Patients presenting with DVT or pulmonary embolism are often tested for the thrombophilic defects. Due to the existence of multiple tests for these disorders, there is a potential for confusion about which tests to order and when to order them. Indeed, Somma et al. found that a significant proportion of orders appeared not to be clinically indicated in their study of 200 consecutive thrombophilia panel orders at an academic medical center .
Venous thrombosis is a multicausal disease . Venous thrombosis is caused by the interplay of genetic and acquired risk factors.
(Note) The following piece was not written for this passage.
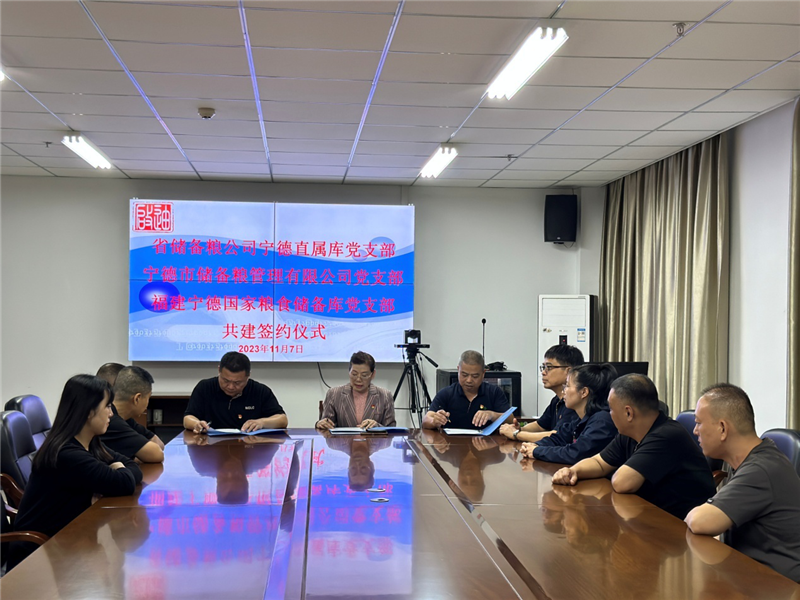 為深入貫徹習近平新時代中國特色社會主義思想,進一步探索創(chuàng)新黨建工作,全面開展基層黨組織結(jié)對共建活動,著力構(gòu)建基層黨建工作新格局,實現(xiàn)三級庫黨建工作與業(yè)務(wù)工作“雙提升”,牢固樹立“以黨建促業(yè)務(wù),以業(yè)務(wù)強黨建”的工作理念,促進黨建和業(yè)務(wù)深度融合互促。福建省儲備糧管理有限公司寧德直屬庫、寧德市儲備糧管理有限公司、福建寧德國家糧食儲備庫三家黨支部于2023年11月7日簽訂黨建共建協(xié)議書。

Thrombophilia screening can be recommended in patients with a history of recurrent VTE; a first VTE at an age of less than 50 years; a first unprovoked VTE at any age; a first VTE at an unusual site; a first VTE related to pregnancy and puerperium, oral contraceptives, or hormonal replacement therapy. In addition, it can be recommended in women with two or more pregnancy losses and in children with VTE or arterial thrombosis. Thrombophilia screening may also be indicated in asymptomatic adult family members of probands with known clotting inhibitor defect or factor V Leiden mutation; asymptomatic female family members belonging to thrombophilic families who are pregnant or are considering hormone therapies or pregnancy; selected women with unexplained severe eclampsia, IUGR, HELLP syndrome, abruptio placentae; and patients older than 50 years with a first unprovoked VTE. Screening general population for thrombophilia is not justified and so it is not recommended at this time.